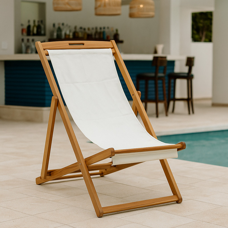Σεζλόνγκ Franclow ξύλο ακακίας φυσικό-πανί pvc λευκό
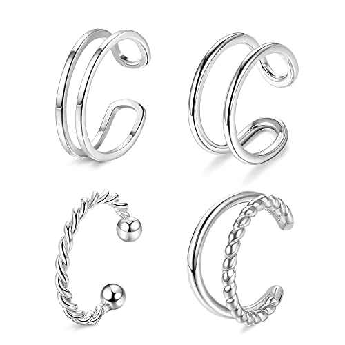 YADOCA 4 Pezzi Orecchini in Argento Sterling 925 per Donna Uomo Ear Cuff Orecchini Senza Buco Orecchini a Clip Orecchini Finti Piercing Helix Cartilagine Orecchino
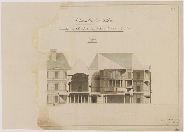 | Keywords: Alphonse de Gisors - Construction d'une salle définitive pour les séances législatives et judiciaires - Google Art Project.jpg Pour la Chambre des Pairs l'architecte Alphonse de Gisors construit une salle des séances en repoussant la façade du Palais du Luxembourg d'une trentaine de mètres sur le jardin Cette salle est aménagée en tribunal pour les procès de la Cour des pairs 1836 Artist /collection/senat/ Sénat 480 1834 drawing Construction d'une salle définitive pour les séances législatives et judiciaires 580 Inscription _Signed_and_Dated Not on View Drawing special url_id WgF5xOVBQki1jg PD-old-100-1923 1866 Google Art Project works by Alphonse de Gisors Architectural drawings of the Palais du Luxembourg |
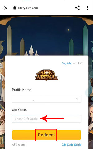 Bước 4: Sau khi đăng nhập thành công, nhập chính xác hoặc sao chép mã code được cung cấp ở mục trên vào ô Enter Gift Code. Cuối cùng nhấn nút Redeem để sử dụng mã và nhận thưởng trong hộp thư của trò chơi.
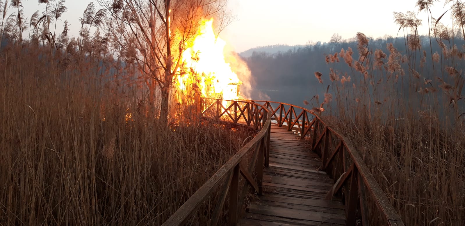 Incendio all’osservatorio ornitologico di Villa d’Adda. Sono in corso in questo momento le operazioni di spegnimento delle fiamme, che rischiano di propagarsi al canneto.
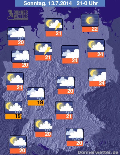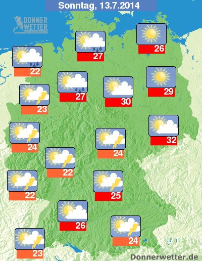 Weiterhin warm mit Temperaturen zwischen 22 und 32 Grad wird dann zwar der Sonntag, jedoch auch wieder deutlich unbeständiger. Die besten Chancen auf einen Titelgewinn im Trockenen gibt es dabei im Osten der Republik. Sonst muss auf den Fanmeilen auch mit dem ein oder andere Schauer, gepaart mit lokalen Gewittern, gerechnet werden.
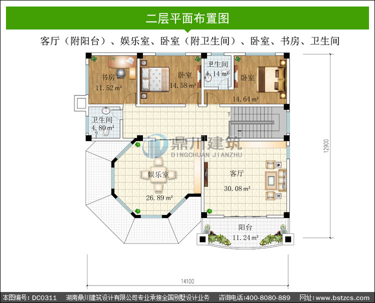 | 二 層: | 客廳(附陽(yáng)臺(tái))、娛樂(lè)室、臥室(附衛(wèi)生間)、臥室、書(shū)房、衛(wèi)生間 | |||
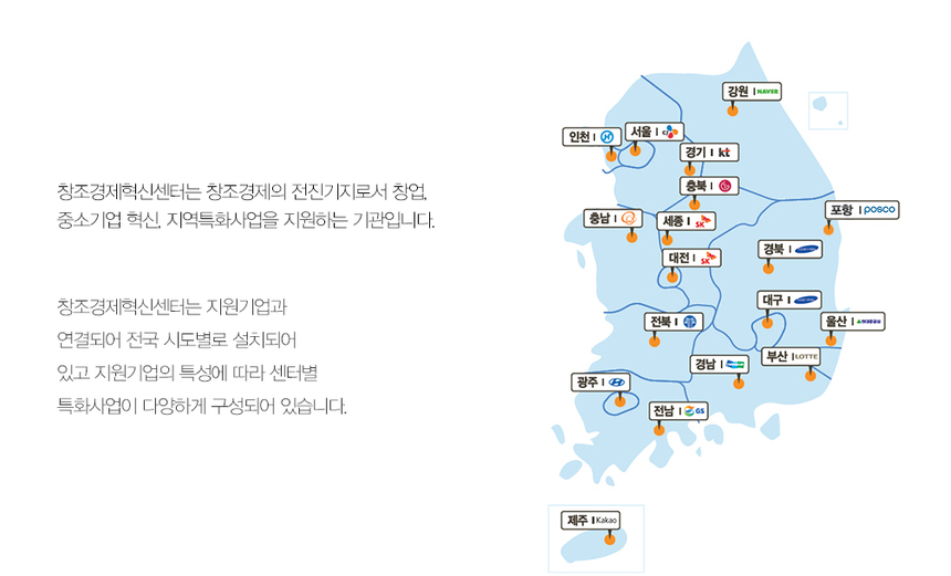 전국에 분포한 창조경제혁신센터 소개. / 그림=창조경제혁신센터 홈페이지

» **How to complete this task**
Each line of the data above is to be output exactly; the pictures are not to appear.

» **Answer to the exercise**
Σεζλόνγκ Franclow ξύλο ακακίας φυσικό-πανί pvc λευκό
 YADOCA 4 Pezzi Orecchini in Argento Sterling 925 per Donna Uomo Ear Cuff Orecchini Senza Buco Orecchini a Clip Orecchini Finti Piercing Helix Cartilagine Orecchino
 | Keywords: Alphonse de Gisors - Construction d'une salle définitive pour les séances législatives et judiciaires - Google Art Project.jpg Pour la Chambre des Pairs l'architecte Alphonse de Gisors construit une salle des séances en repoussant la façade du Palais du Luxembourg d'une trentaine de mètres sur le jardin Cette salle est aménagée en tribunal pour les procès de la Cour des pairs 1836 Artist /collection/senat/ Sénat 480 1834 drawing Construction d'une salle définitive pour les séances législatives et judiciaires 580 Inscription _Signed_and_Dated Not on View Drawing special url_id WgF5xOVBQki1jg PD-old-100-1923 1866 Google Art Project works by Alphonse de Gisors Architectural drawings of the Palais du Luxembourg |
 Bước 4: Sau khi đăng nhập thành công, nhập chính xác hoặc sao chép mã code được cung cấp ở mục trên vào ô Enter Gift Code. Cuối cùng nhấn nút Redeem để sử dụng mã và nhận thưởng trong hộp thư của trò chơi.
 Incendio all’osservatorio ornitologico di Villa d’Adda. Sono in corso in questo momento le operazioni di spegnimento delle fiamme, che rischiano di propagarsi al canneto.
 Weiterhin warm mit Temperaturen zwischen 22 und 32 Grad wird dann zwar der Sonntag, jedoch auch wieder deutlich unbeständiger. Die besten Chancen auf einen Titelgewinn im Trockenen gibt es dabei im Osten der Republik. Sonst muss auf den Fanmeilen auch mit dem ein oder andere Schauer, gepaart mit lokalen Gewittern, gerechnet werden.
 | 二 層: | 客廳(附陽(yáng)臺(tái))、娛樂(lè)室、臥室(附衛(wèi)生間)、臥室、書(shū)房、衛(wèi)生間 | |||
 전국에 분포한 창조경제혁신센터 소개. / 그림=창조경제혁신센터 홈페이지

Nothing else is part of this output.